Também o ribeirão de São Paulo
(ao norte) e o rio Eleutério (ao sul) contribuíram
para isso. Relata-se que, por volta de 1.805, o povoamento
já atingira as margens do Eleutério.
Em 1.803, pelo que se diz, já havia moradores
no Sitio Forquilha. Entre os antigos povoadores de
Jacutinga é citado Antonio Pessoa de Lemos,
natural de Sabará, estabelecido com fazenda
na barra do Ribeirão de São Paulo. Suas
terras, englobavam a área onde hoje se situa
Jacutinga. Ao falecer, a 12 de agosto de 1.811, deixou
testamento e foi sepultado na Matriz de Ouro Fino.
Em razão de permuta feita por seus herdeiros,
a fazenda passou a pertencer ao capitão Antonio
Correia de Abranches Bizarro, que aumentou com posses
feitas nos morros da Capetinga e da Baleia. Depois,
em 18 de agosto de 1.817, a propriedade foi vendida,
através de escritura particular lavrada na
barra do São Pedro, a José Francisco
Fernandes, que viera de Pouso Alegre com sua família.

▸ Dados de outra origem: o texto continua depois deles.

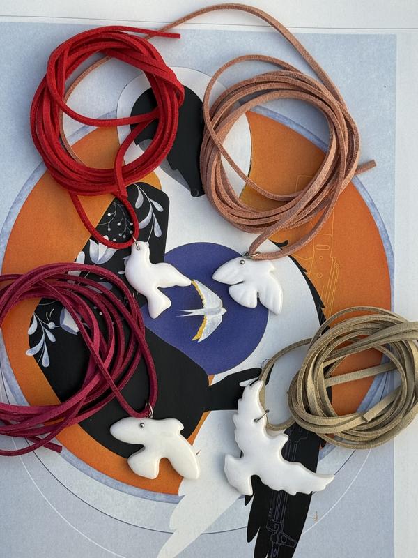 Птахи з полімерної глини на замшевому мотузочку (колір на вибір). 200 грн.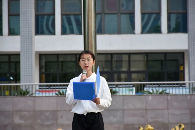 刘士琪作为团员代表在新团员入团仪式上发言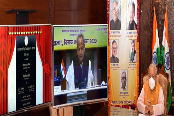राज्यपाल ने इससे पहले संविधान उद्देशिका और मूल कर्तव्यों का वाचन करवाया। उन्होंने और मुख्यमंत्री श्री अशोक गहलोत ने पूर्व में महाराजा गंगा सिंह विश्वविद्यालय के विधि और सामाजिक विज्ञान भवन का ऑनलाइन लोकार्पण किया।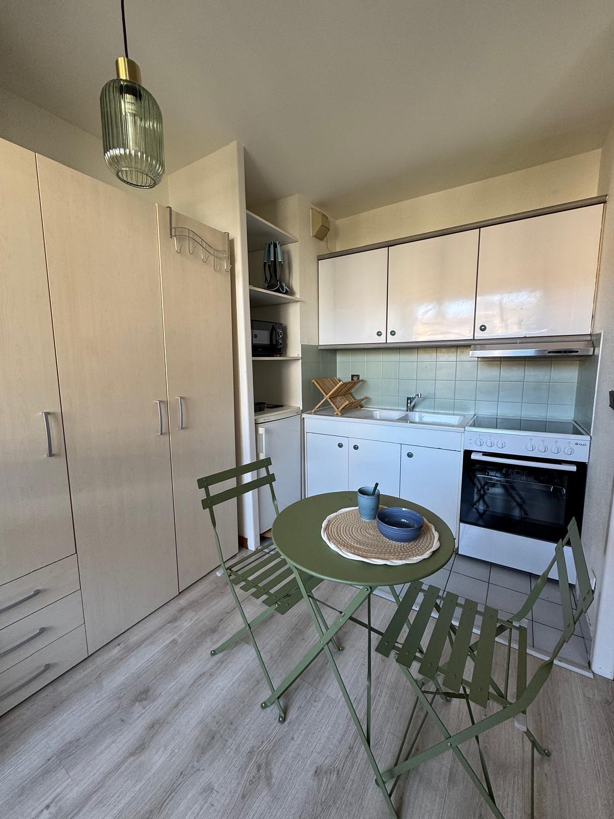 Ce charmant T1 se distingue par sa luminosité et son agencement optimisé. La pièce de vie principale constitue un espace polyvalent et chaleureux, agrémenté d'un canapé confortable, d'une grande télévision pour vos moments de détente et d'un véritable espace nuit avec rangements intégrés.
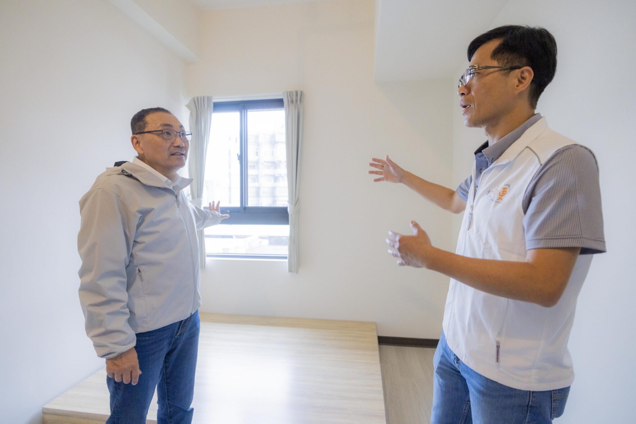 侯友宜表示,都更戶雖有租金補貼,但弱勢家庭還是無法租到適當房子,尤其,海砂屋住戶常需急迫性搬遷,這兩類都更戶搬遷是目前最大挑戰。因此市府啟動中繼宅政策釋出都更回饋空間作為住宅,優先提供弱勢族群租借,此次於三重基地共提供35戶不同住宅房型,包括三房型16戶、二房型10戶、一房型9戶。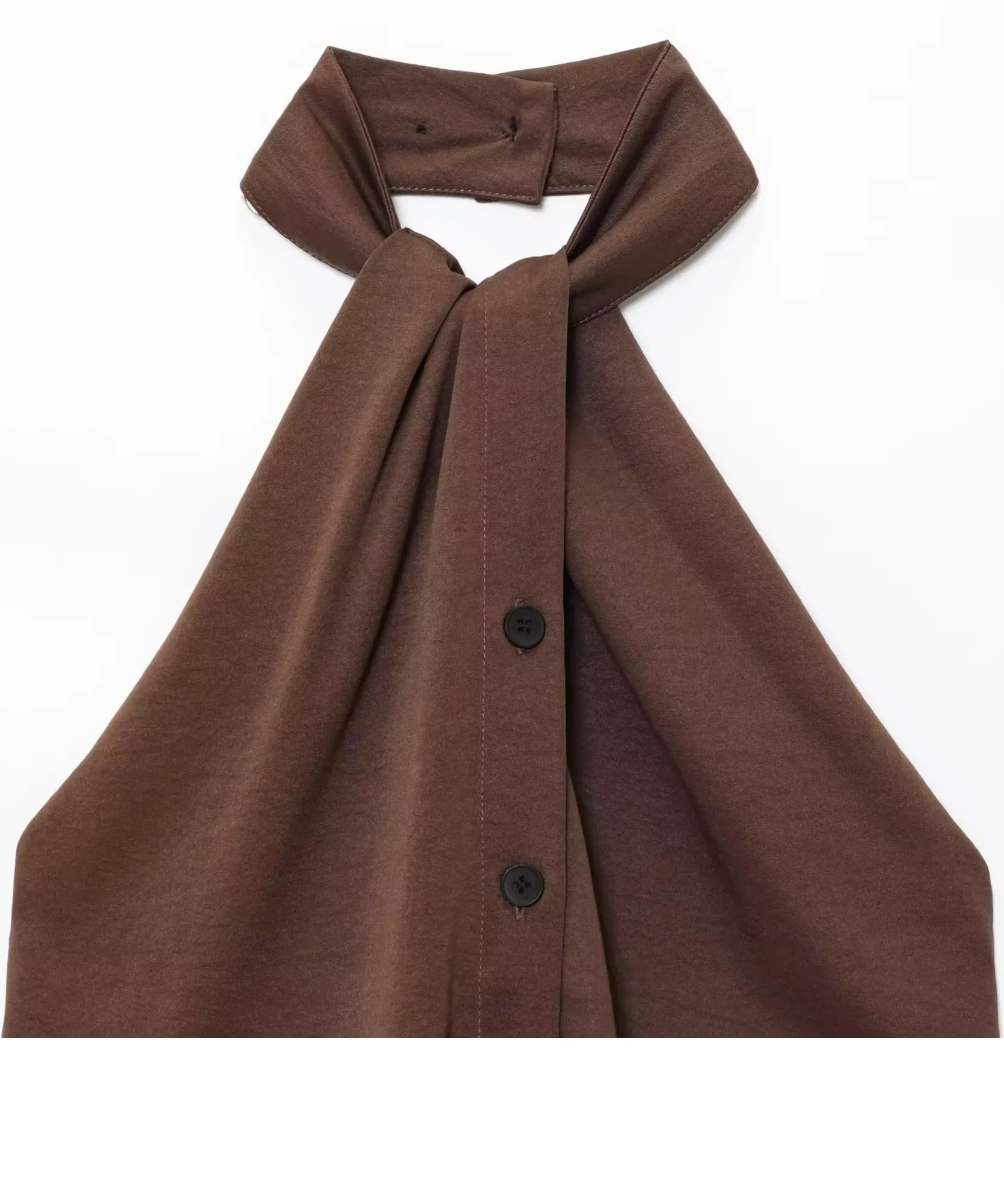 A amarração no pescoço se ajusta facilmente, criando caimento diferente a cada uso. As costas abertas deixam a peça leve e respirável mesmo em dias quentes.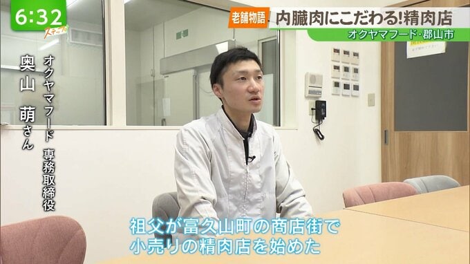 --奥山萌さん(オクヤマフード 専務取締役)「祖父が富久山町の商店街で小売りの精肉店を始めたのが始まりだと聞いております。対面販売の形で販売している精肉店。」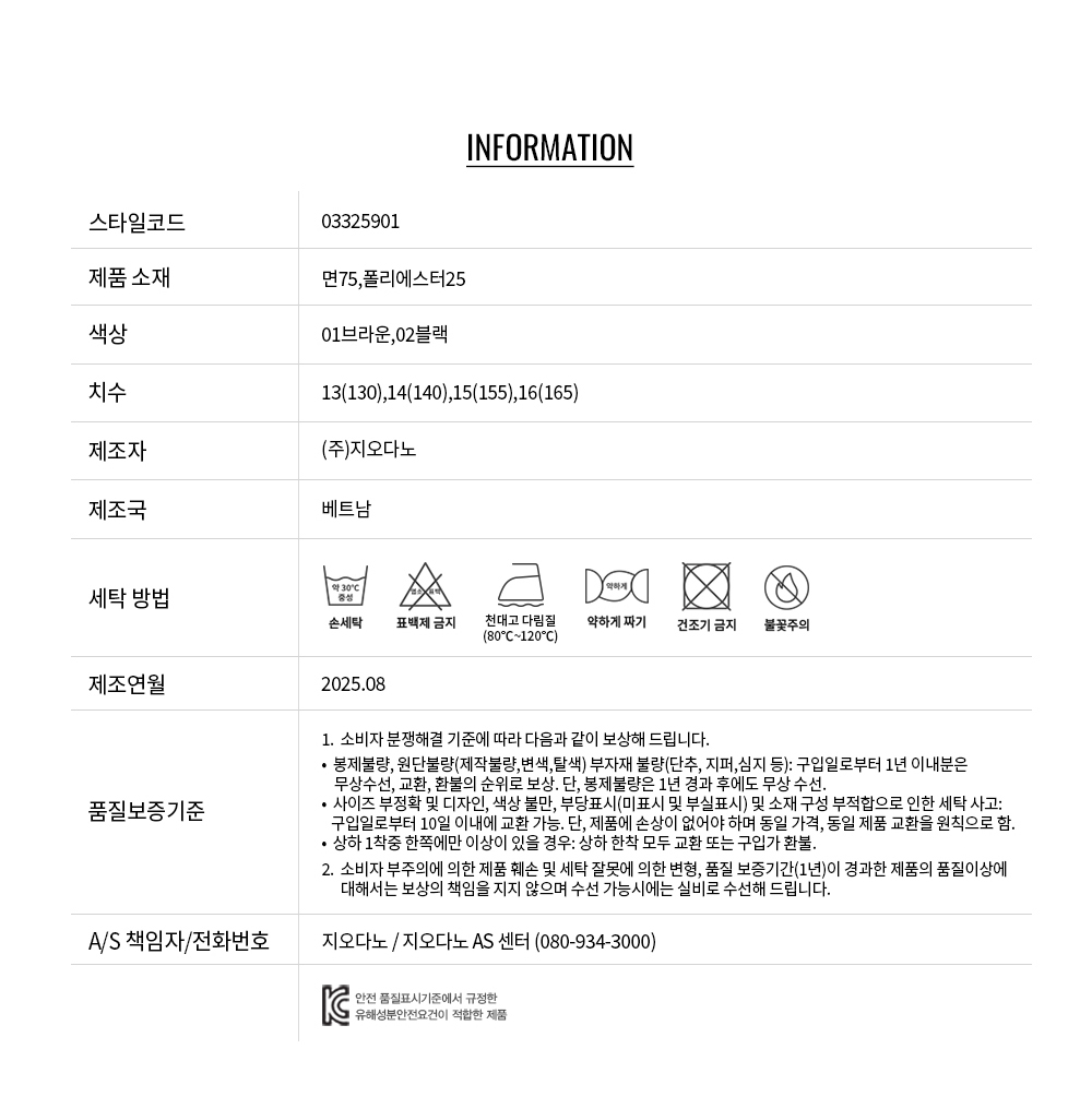 • 교환 진행시 배송비 5,000원 주문자 성함으로 입금 부탁드립니다(신한은행:267-05-028523 (주)지오다노)

Revela Orville Derby que o capitão Abranches
Bizarro também tomou posse de terras na paragen
denominada Poço Fundo, terras que vendeu a
16 de março de 1.826.
De acordo com a tradição, o mais antigo
proprietário da fazenda do Poço Fundo
foi o Cel. Emídio de Paiva Bueno, sendo admissível
que a tenha adquirido do capitão Bizarro na
data mencionada. Mudou-se para a propriedade, tendo,
segundo Orville Derby, exercido influência nas
questões de limites que se seguiram. Com o
passar do tempo, qumentando a população
do bairro Mogi Abaixo, tornou-se necessário
erigir uma capela, soba invocação de
Santo Antonio. Encaminhou-se uma representação
nesse sentido à Cúria Diocesana de São
Paulo, representação encabeçada
por José Francisco Fernandes. O bispo diocesano,
Dom Manoel Joaquim Gonçalves de Andrade, autorizou
a ereçãoda capela. Entretanto, talvez
devido a uma demanda entre José Francisco Fernandes
e Manuel Carlos da Motta Bastos, seguida do falecimento
do primeiro, a 21 de junho de 1.841, e de sua mulher,
dona Joaquina Esmérica Ribeiro, a 3 de maio
de 1.845, nada se fez ao longo de dez anos. Mas José
Francisco Fernandes e sua mulher deixaram terras doadas
para o patrimônio da capela. A localidade junto
à qual se ergueria esta tomaria o nome de Ribeirão
de Jacutinga.
Em agosto de 1.845 estava a capela edificada, tendo
como zelador o capitão Emídio de Paiva
Bueno. Jacutinga foi elevada a freguesia a 22 de setembro
de 1.871, pela Lei Providencial n°1.786,e a vila
e município a 16 de setembro de 1.901, pela
Lei Estadual n°319. O Conselho Distrital instalou-se
a 26 de março de 1.892, sob a presidência
de José Antonio Pinto.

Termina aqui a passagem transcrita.